Lets Trade BIG AL, Theo an Next yrs first rounder to Minny for GARNETT

-C-Swift
PF-Garnett
SF-Pierce
SG-Ray Allen
PG-Rondo


----------



## #1AntoineWalkerFan (Mar 10, 2005)

we did not get swift in the deal (thank God)...and al, theo and the pick dont come anywhere close to matching the salary needed for garnett


----------



## Ainge for 3 (May 23, 2007)

It's #35, the Sonics 2nd rounder instead.


----------



## LamarButler (Apr 16, 2005)

All I have to say is, Ray Allen > anybody the Celtics could have got with the #5. He's immediate veteran help for Pierce and that is a crazy *** wing combo (which will work, Allen is completely capable of moving without the ball) plus Al Jefferson who is emerging into a fine player. A few tweaks with the roster and you have a team that will go deep in the playoffs, especially in the East.


----------



## banner17 (Jun 28, 2003)

Ainge for 3 said:


> It's #35, the Sonics 2nd rounder instead.

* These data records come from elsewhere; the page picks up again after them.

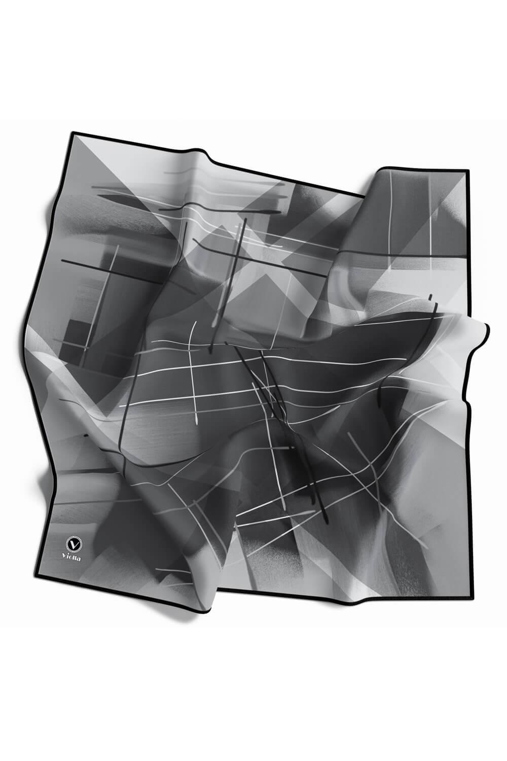 Kirstal Geometrik Desenli Gri Renkli 90x90 Eşarp (İpek İçermez) Kenar Dikiş Şekli El Dikişli (DGN51658-5)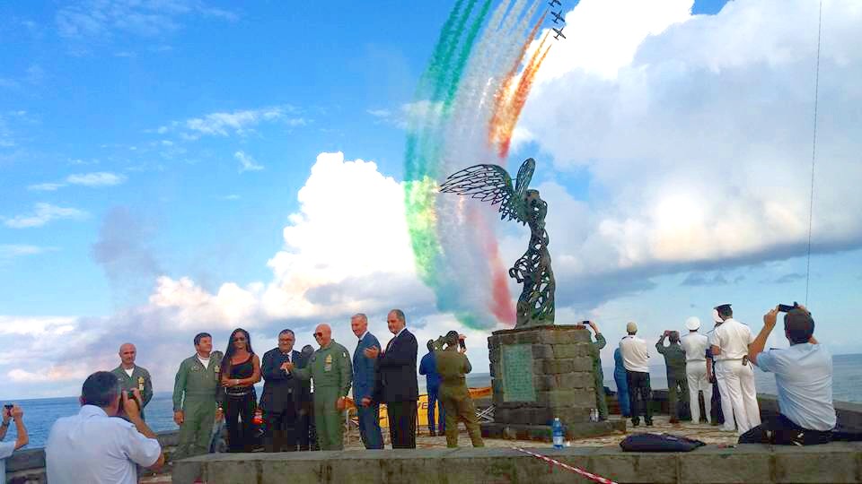 Non c’è stato nulla da temere da quegli apparentemente minacciosi nuvoloni bianchi e ben “scolpiti” che ieri pomeriggio aleggiavano sulla baia di Naxos: grazie ad essi, anzi, la spettacolare esibizione delle Frecce Tricolori dell’Aeronautica Militare Italiana è risultata ancor più pittoresca scenograficamente.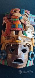 Maschera precolombiana originale, realizzata in legno artigianalmente e dipinta a mano, dimensioni 25x20cm.

hopefully Ainge can pull a player of Gomes' quality with one of the two second rounders


----------



## #1AntoineWalkerFan (Mar 10, 2005)

Ainge for 3 said:


> It's #35, the Sonics 2nd rounder instead.




we got this in the trade??


----------



## Causeway (May 18, 2005)

I think there will be another Boston trade before the season starts.


----------



## #1AntoineWalkerFan (Mar 10, 2005)

Causeway said:


> I think there will be another Boston trade before the season starts.




yup...involving theo


----------



## BleedGreen (Jun 24, 2002)

Causeway said:


> I think there will be another Boston trade before the season starts.


Yeah I think DA will make another move to add to this team. We still have Theo's contract and couple early 2nd round picks to trade. If nothing is done by before the season starts I can see a deadline deal being done during the season.


----------



## Causeway (May 18, 2005)

You and I are agreeing left and right tonight AW...what's going on here??


----------



## #1AntoineWalkerFan (Mar 10, 2005)

i know this is insane!!! hell hath frozen over!!


----------



## aquaitious (Jun 11, 2002)

No you guys are just making sense.


----------



## G-Force (Jan 4, 2005)

I heard that the Sonics get a future 2nd round pick from Boston in this deal.


----------



## Floods (Oct 25, 2005)

#1AntoineWalkerFan said:


> yup...involving theo


And maybe Gerald... it's going to be a job to develop him with Pierce, Ray Allen, and Tony Allen already in the mix at the 2 and 3.

Marcus Camby, Joel Przybilla, Eric Snow, Andre Miller, Speedy Claxton, and Dan Gadzuric are all out there and I think they are all very gettable. Pick a PG and C out of that group (obviously Camby is the only guy we might trade Gerald for) and we're in pretty good shape next year.


----------